Suppose $1<p<\infty$.
A linear operator $T \colon L^p(\Omega)\to L^p(\Omega)$ is positive if $f \geq 0$ imply $T(f)\geq 0$ (where $\Omega$ is a measure space).
1) Does there exist a positive operator $T \colon L^p(\Omega)\to L^p(\Omega)$ which is not bounded?
2) Does there exist a positive bounded operator $T \colon L^p(\Omega)\to L^p(\Omega)$ which does not induce a bounded operator on $L^\infty(\Omega)$?
1) No, every such operator is bounded. For simplicity, I assume that all functions are real-valued.
If $T$ is not bounded, there is a sequence $f_n$ with $\Vert f_n \Vert_p \leq 2^{-n}$ and $\Vert Tf_n\Vert_p \geq 2^n$ (why?).
Then Fatou's Lemma (or monotone convergence) shows $f :=\sum_n |f_n|\in L^p$ with $\Vert f\Vert_p \leq 1$.
But $|f_n|\leq |f|=f$, which yields (why?) $|Tf_n|\leq Tf$. But for $n\to\infty$, this contradicts the fact that $Tf\in L^p$, because $\Vert Tf_n\Vert_p \to \infty$.
2) There is such an example, consider $p=2$, $\Omega =(1,\infty)$ with Lebesgue measure and
$$ Tf := \int_1^\infty f(x) \cdot x^{-3/4}\,dx \cdot \chi_{(1,2)}, $$
where $\chi_A$ is the indicator function of the set $A$.
I leave it to you to verify the details.
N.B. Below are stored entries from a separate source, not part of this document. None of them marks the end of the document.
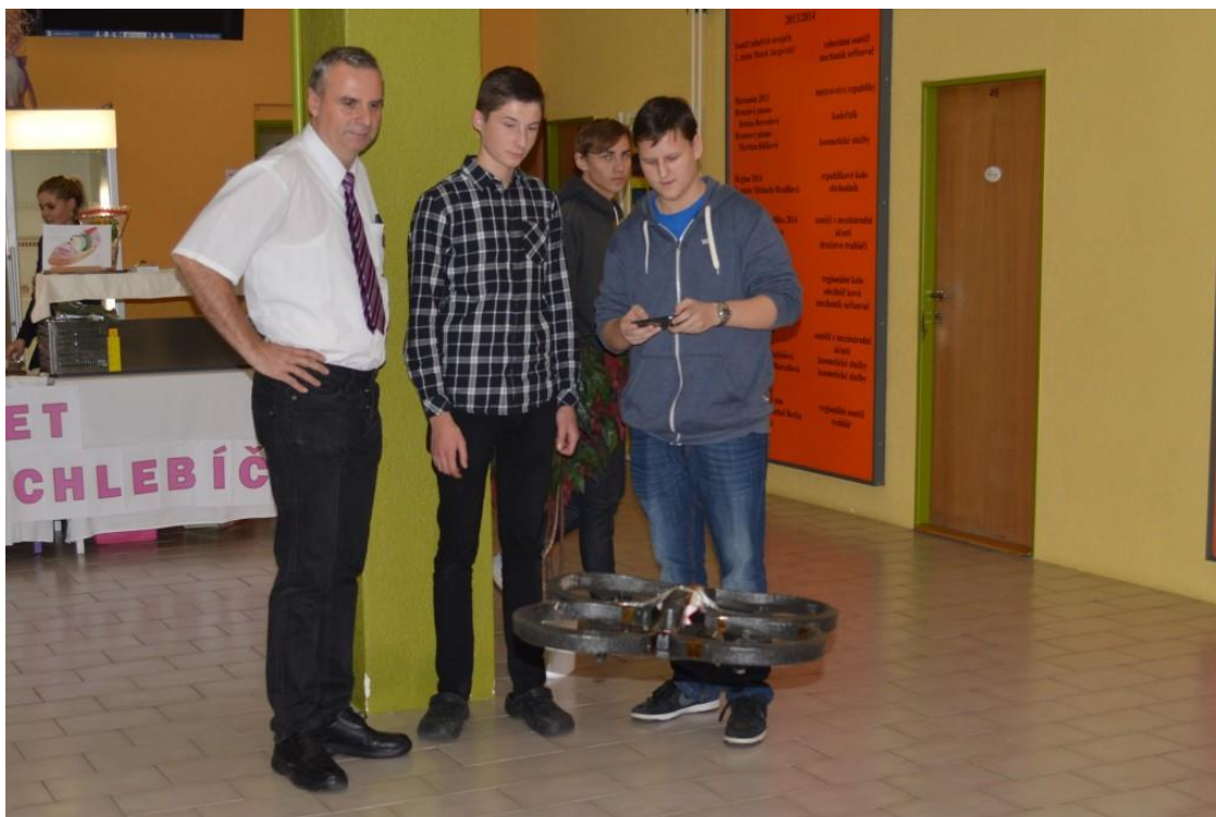
Prezentace elektrooborů na DOD 14.-16.11.2016, ukázka dronu.
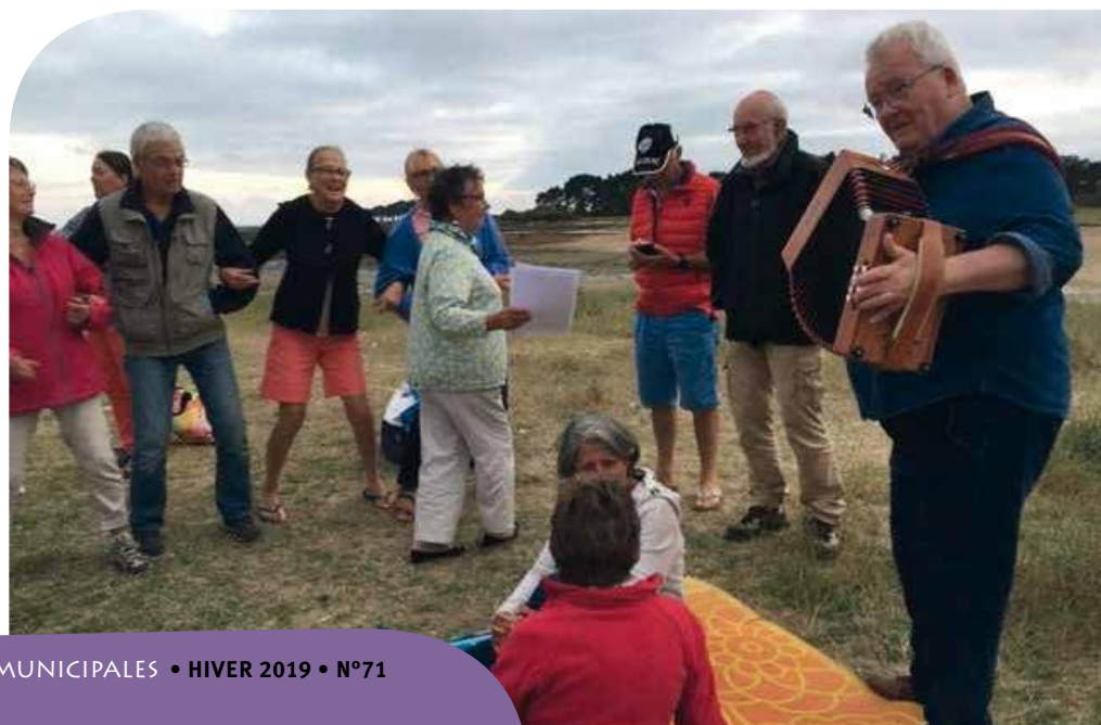
• 28 Août 2019 - GRAIn D'PICNIC au Toul Keun

J. DOULIN - Tél. 02 97 57 45 20 Janrene.doulin@orange.fr
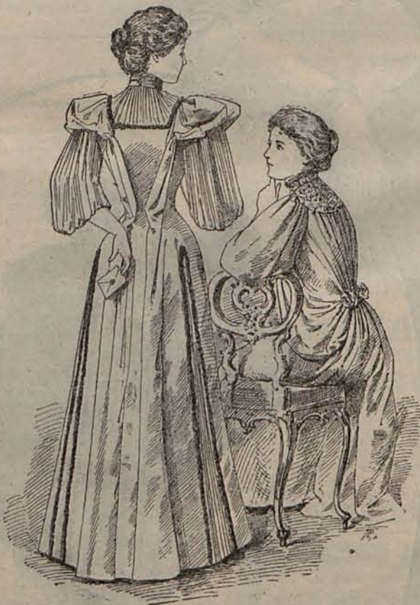
Núm. 3.—Espalda de los modelos representados por el grabado núm. 2.
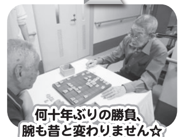
何十年ぶりの勝負、腕も昔と変わりません☆
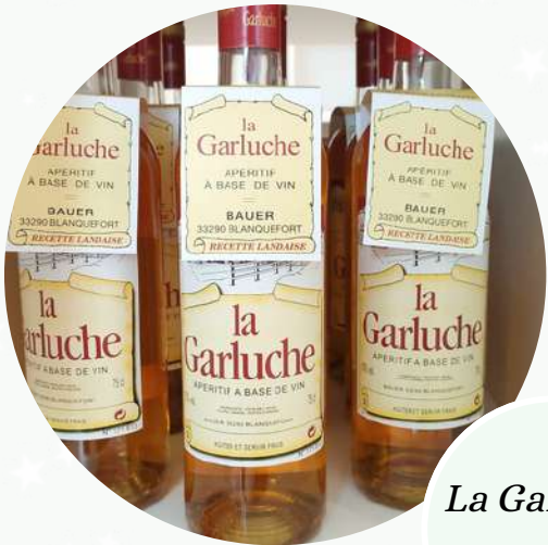
La Garluche 16,50 €

Apéritif local à base de vin blanc - recette landaise -
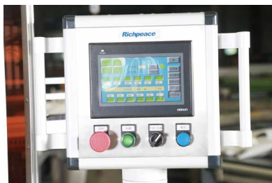
进口Omron PLC 配合液晶触摸屏界面
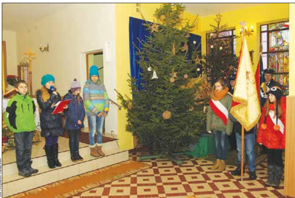
Na zdjęciu poczty sztandarowe z Otwocka Wielkiego - Zespołu Szkolno Przedszkolnego i OSP
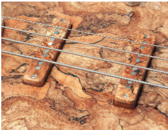
Das Knollenholz zeigt eine sagenhaft wilde und facettenreiche Zeichnung.
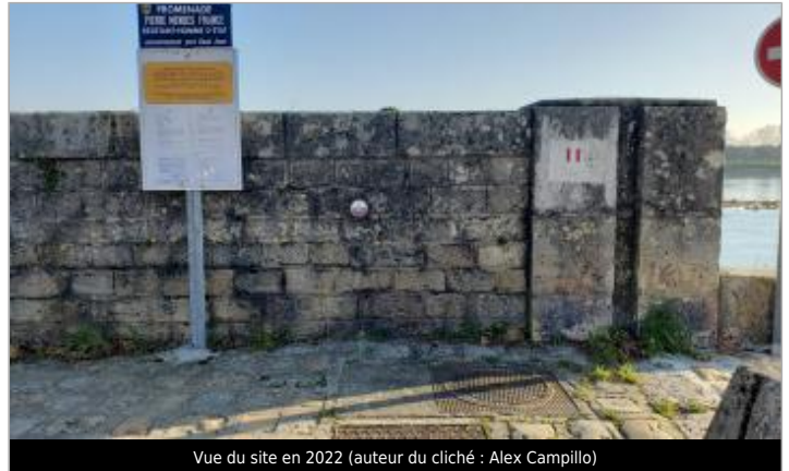
Vue du site en 2022
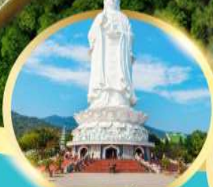
วัดหลิงอิ่ง
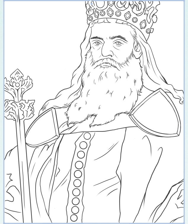
KAZIMIERZ III WIELKI
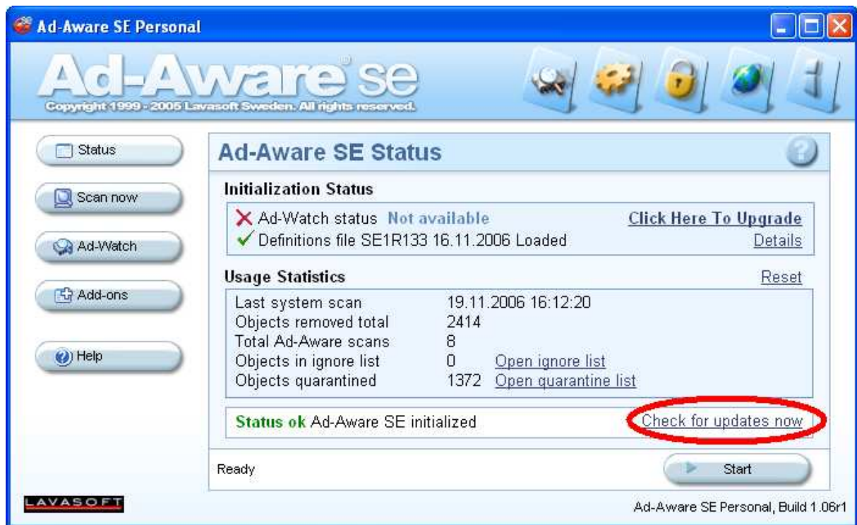
Obr. 1 – aktualizace
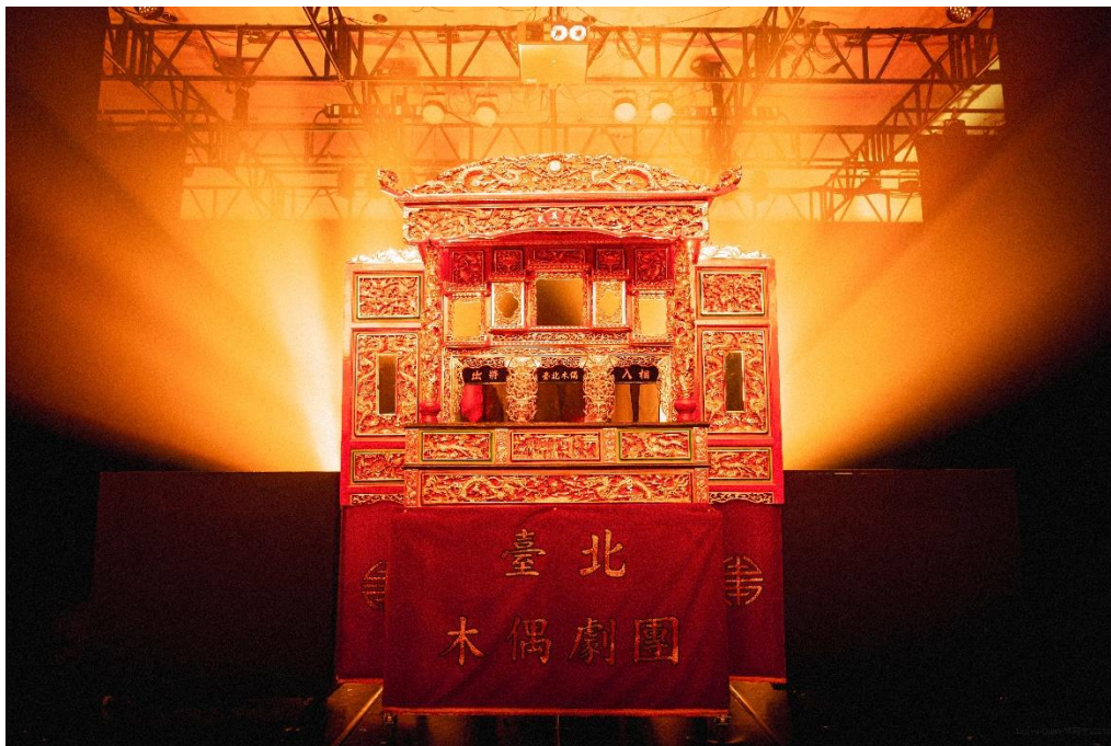
臺北木偶劇團《得時の夢》

2010年，因有感於傳統藝術急劇凋零，傳承不易，一群習藝超過15載，平均年齡三十許的青年偶、樂師創立了臺北木偶劇團，以首都為名，將深耕、延續古老且精美的布袋戲文化為職志，希望世界看見臺灣，就看見偶戲。長期深耕親子藝文活動與校園推廣，並連續13年，獲得Taiwan Top國家演藝團隊肯定。
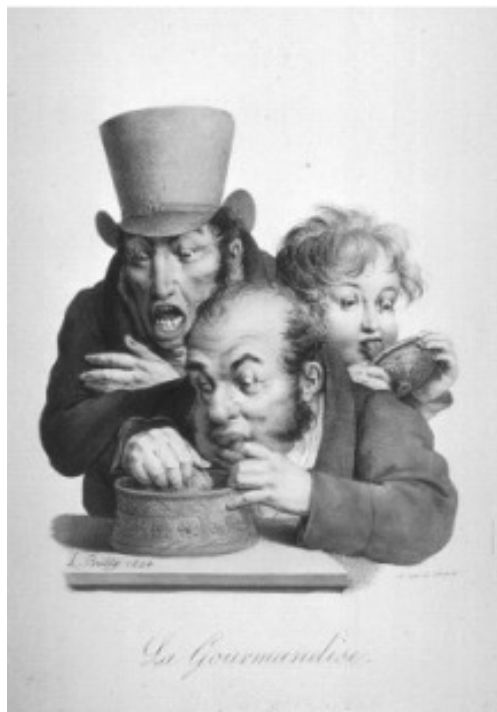
Lam. 10.- La Gourmandise . L.L.Boilly. Litografía en papel vitela coloreada a man. 22,3x32, 4cm Taller de Delpech. París 1824.
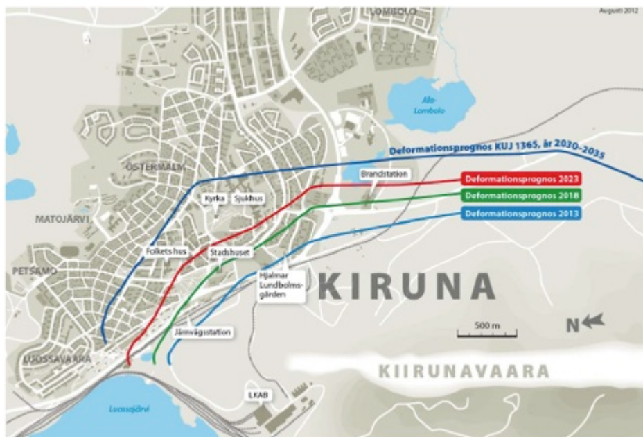
Fig.1 Deformationsutbredning, fördjupad översiktsplan Kiruna kommun 2014

att flyttas, och placeras i anslutning till ny bebyggelse. 45 Placering och integrering av dessa kulturhistoriskt värdefulla byggnader utarbetas i samråd med kommunantikvarien i Kiruna. 46
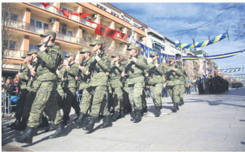
Приштина: армија Косова у настајању

Секретар Савета безбедности Руске Федерације, шеф свих руских специјалних служби Николај Патрушев борави данас у Београду, где ће имати сусрет са председником То-
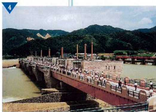
▲九頭竜川鳴鹿大堰建設整備(完了)
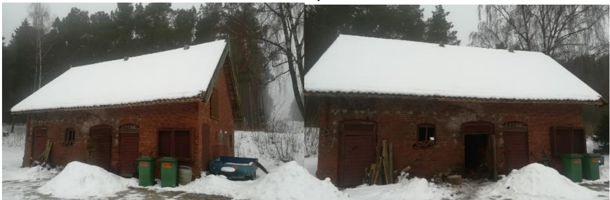
4 pav. Alksnynės viensėdžio ūkio pastatas
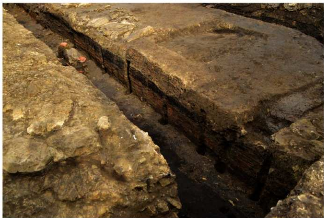
写真 11 小町大路側溝の側板（南から） 板上端が焼け焦げており、火災にあったことが分かります (photo 11) Side plates in the Komachi-Oji Street ditch (from the south). The upper edges of the plates are scorched, indicating that they were subject to a fire.
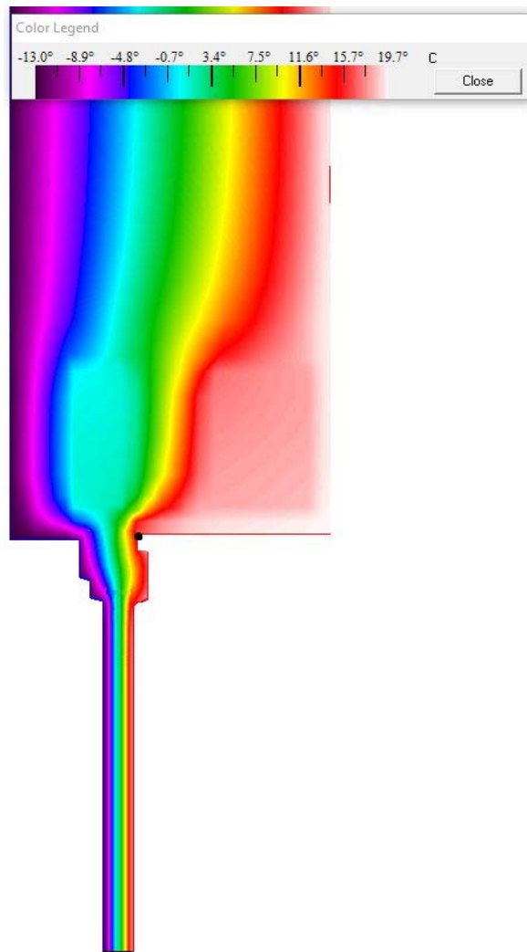
Pribeh teplôt konštrukciou - vykreslenie pomocou teplotného poľa
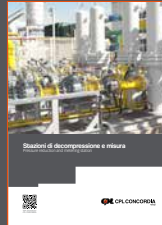
Pressure reduction and metering station
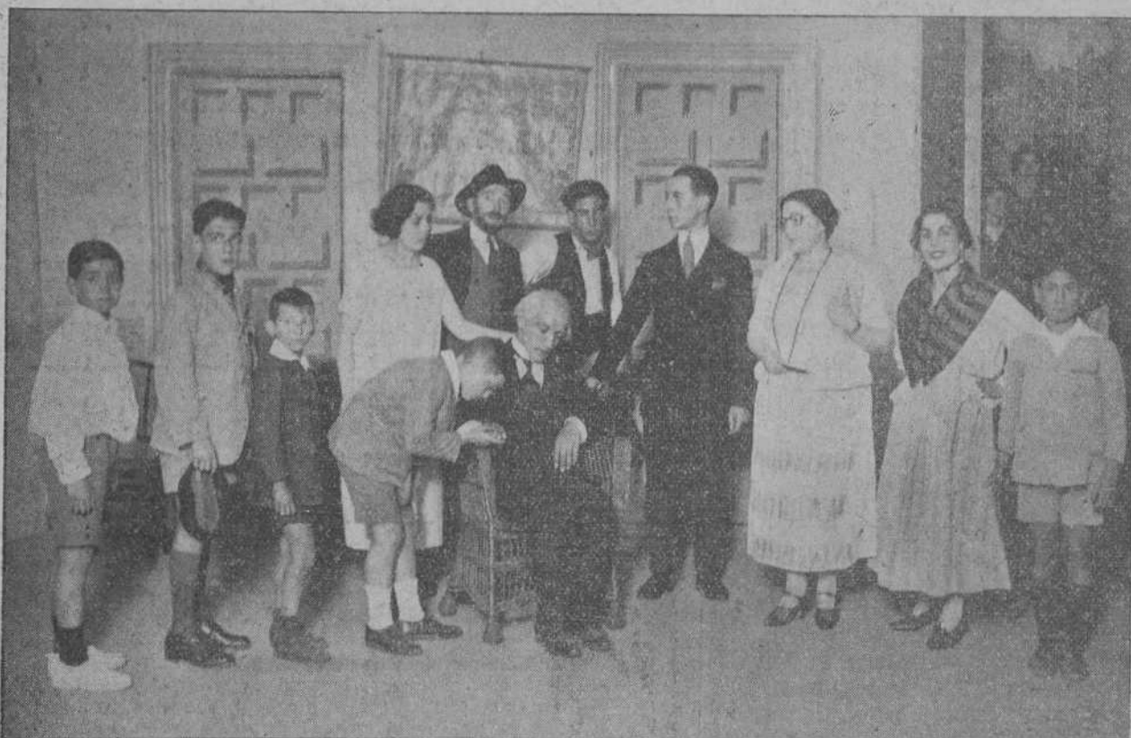
UNA ESCENA DE «LA LEYENDA DEL MAESTRO», REPRESENTADA EN EL GRAN CINEMA, EN LA BRILLANTE FUNCION ORGANIZADA A BENEFICIO DEL NUEVO HOSPITAL.

El niño fué recogido completamente ileso y entregado a sus padres.
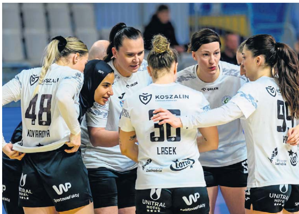
Koszalinianki zakończyły Orlen Superligę na 6. miejscu

Mistrzem Polski został zespół Zagłębia Lubin, który w decydującym spotkaniu pokonał osłabioną kadrowo drużynę MKS Lublin 29:26. © ©
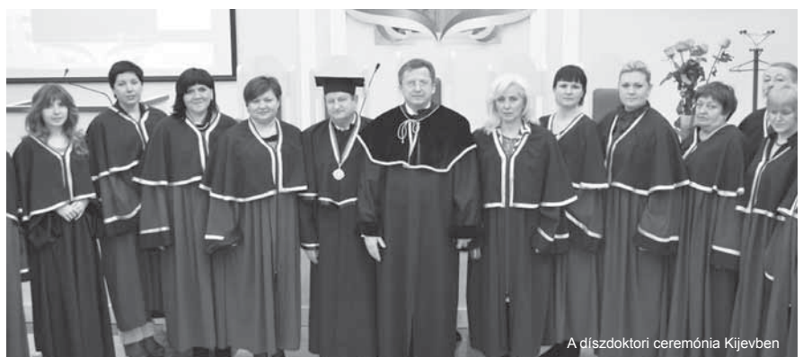
A díszdoktori ceremónia Kijevben
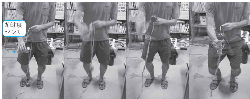
写真1 (a) 精神統一 (b) 振り上げ (c) 剣先より上に (d) 成功 写真1 細い棒で玉をキャッチする「とめけん」を例に経験者と初心者の動きを分類する
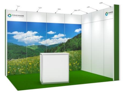
Fresh 12 m 2 Eckstand mit Grafikdruck
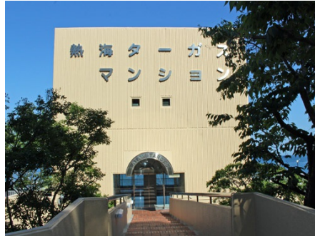
国道からのアプローチ
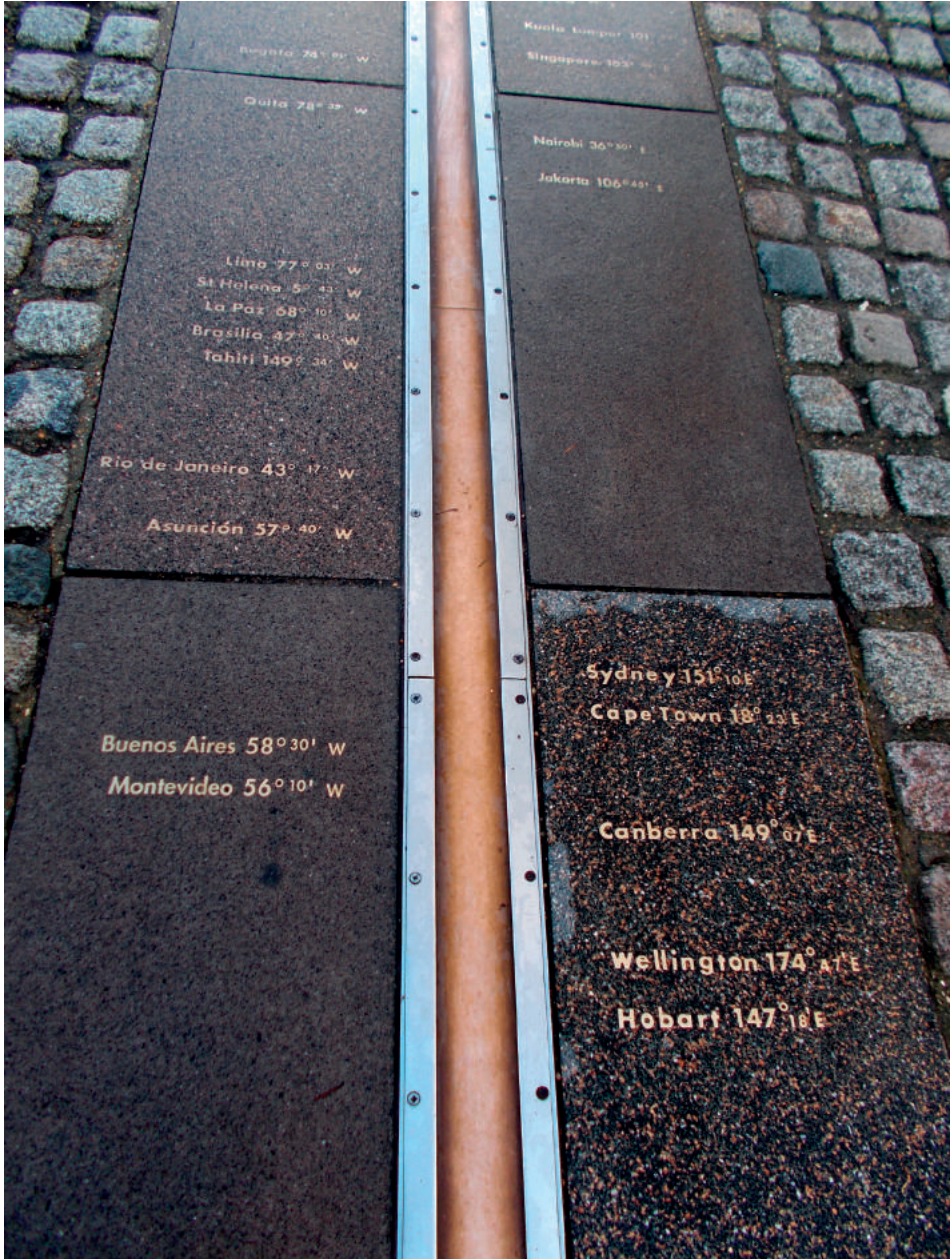
Figura 6. Trazado de la línea del Meridiano de origen. Línea del Prime Meridian , a ambos lados se hace referencia a las longitudes de diferentes ciudades capitales de países. Del lado izquierdo (Oeste) y de abajo hacia arriba aparecen Montevideo, Buenos Aires, Asunción, Río de Janeiro, Tahití, Brasilia, La Paz, St. Helena, Lima, Quito y Bogotá.
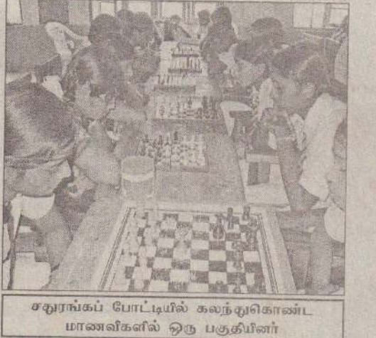
சதுரங்கப் போட்டியில் கலந்துகொண்ட மாணவிகளில் ஒரு பகுதியினர்

இன்றைய போட்டியில் மாலை 5.00 மணிக்கு யாழ். பற்றீரியன் அணியை எதிர்த்து வட்டுக்கோட்டை யாழ்ப்பாணக் கல்லூரி 'A' அணி மோதவுள்ளது. (8)

The main observation is $x^{-3/4}\in L^2\setminus L^1$.
There is an analogous counterexample in the case $\mu(\Omega) < \infty$. Take $\Omega = (0,1)$ with the usual Lebesgue measure and
$$ Tf := \int_0^1 f(x) \, dx \cdot x^{-1/2}. $$
Then $T : L^1 \to L^1$ is well-defined and bounded (because of $x^{-1/2} \in L^1$) and a positive operator, but $Tf : L^\infty \to L^\infty$ is not even well-defined, because $x^{-1/2}$ is not (essentially) bounded.